Unless and until a player's future is financially secure, no amount of cricket, domestic or international, will do any good. We've had successes galore at junior lever that hasn't translated into success at senior level. The reason is plain and simple. How many current players are above the age of 28, the age at which cricketer matures and plays best cricket? Answer will be: VERY FEW. And what are the chances that we'll see the current players in the team for long? VERY LESS. The reason for players phasing out of the game before their prime is basically financial. This is where CAN, among other things, has failed miserably. Nepal seriously lags behind in terms of infrastructure and logistics, but it surely is rich when it comes to player's enthusiasm for the game, which seems to wane away with passage of time. So, if we need to succeed and see us amongst the top in cricketing fraternity, player's future has to be secured and CAN needs to take special initiatives in this regard.

Posted by punj pokharel on (February 18, 2008, 13:03 GMT)

there is no doubt that nepal is a new rising star in the world of cricket.but it needs to play with better teams.
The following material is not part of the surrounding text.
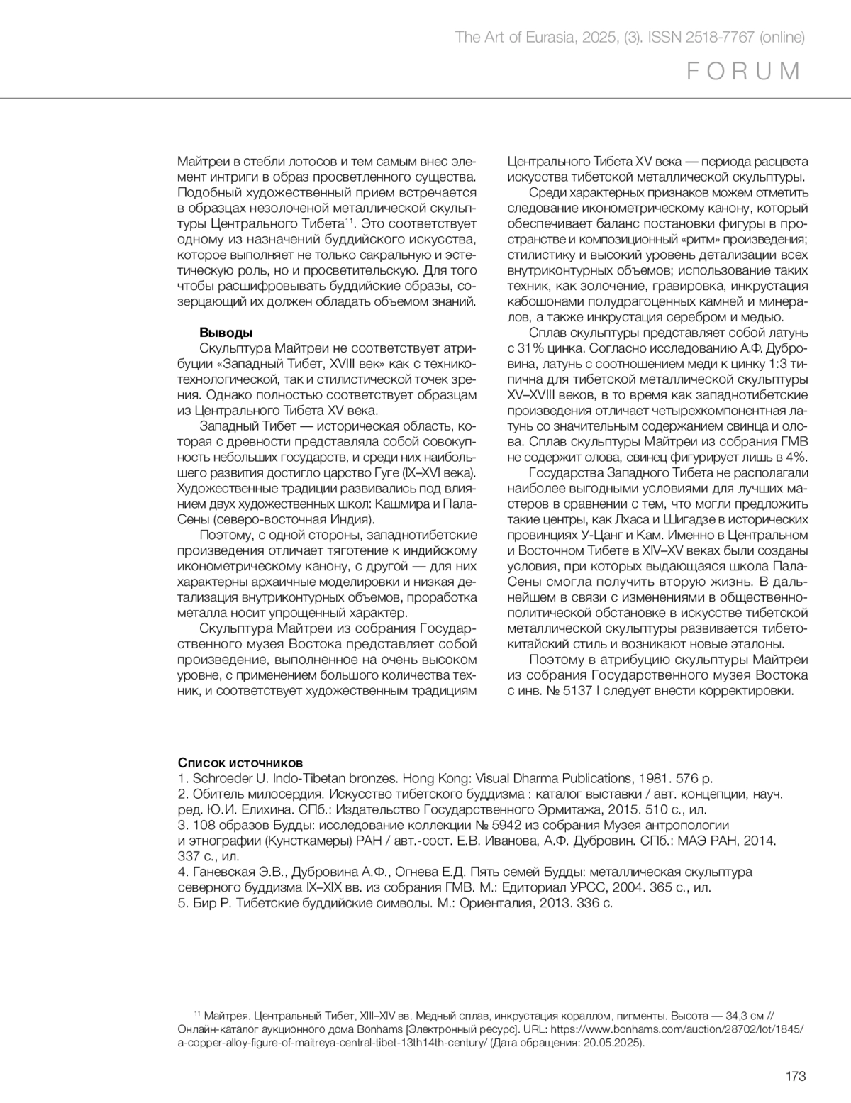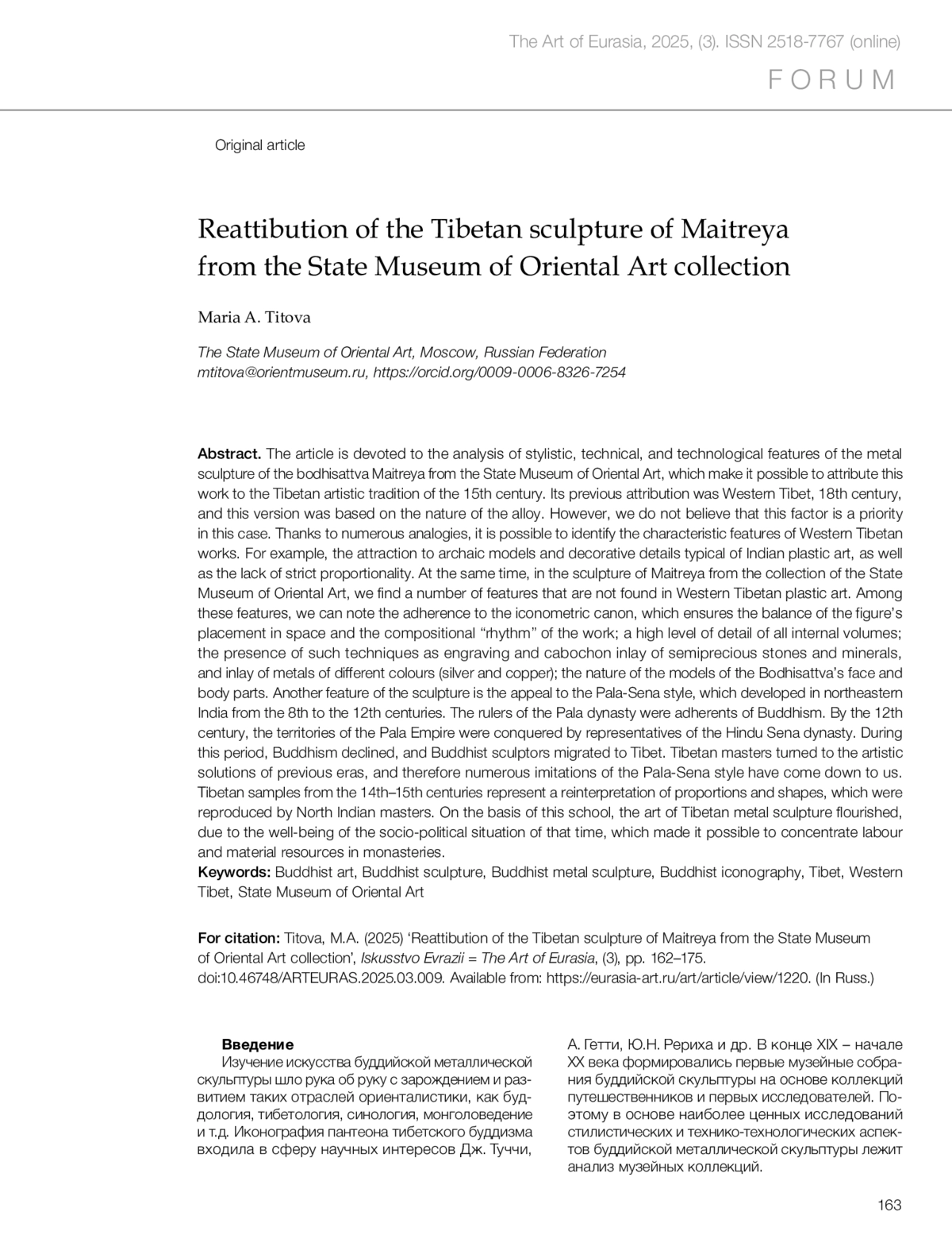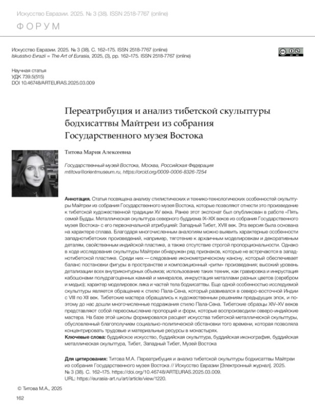 Титова М.А. Переатрибуция и анализ тибетской скульптуры бодхисаттвы Майтреи из собрания Государственного музея Востока // Искусство Евразии [Электронный журнал]. 2025.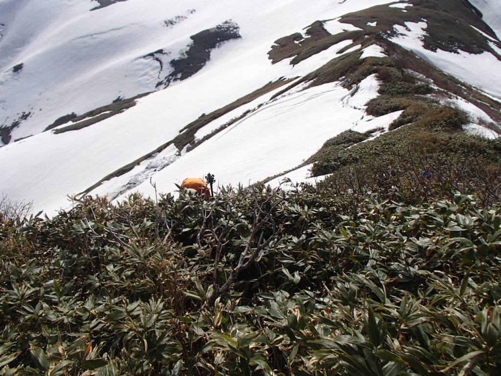 なんとか今日のうちにここまで着いた。あとは下りながら、テント場を探すだけだ。ネコブ山へ向かう稜線にテントが1張あり、我々よりも年配の夫婦がおられた。3泊目とのことだが、この稜線を縦走しているとは恐れ入りました。よほどの山ヤ夫婦なのでしょう。

ACC should arrange some multinational teams in the country. we are really looking forward to get ODI status and Test in near future. the junior team really does well and thats the team that shows the future. but due to a secure future, they are underperforming in senior level. so , the sponsorship and financial backup should be made strong

Posted by prakash dhakal on (July 23, 2006, 5:36 GMT)

i feel that NEAPAL is developing nation in cricket.but i would prefer to say it a rapid developing nation being awarev of the fact that nepalese u-19 team has played 3 consecutives times in world cup and even defeated teams like pakistan and south africa. this shows how strong this team can be and even it has won the u-19 plate champiomnship defeating new zealand.this is not a just a fortune or luck to defeat 3 strong teams,it is their potential which did this. i feel icc should help financially to develop the country's level in cricket.and i feel nepal can be the other team to get test stataus.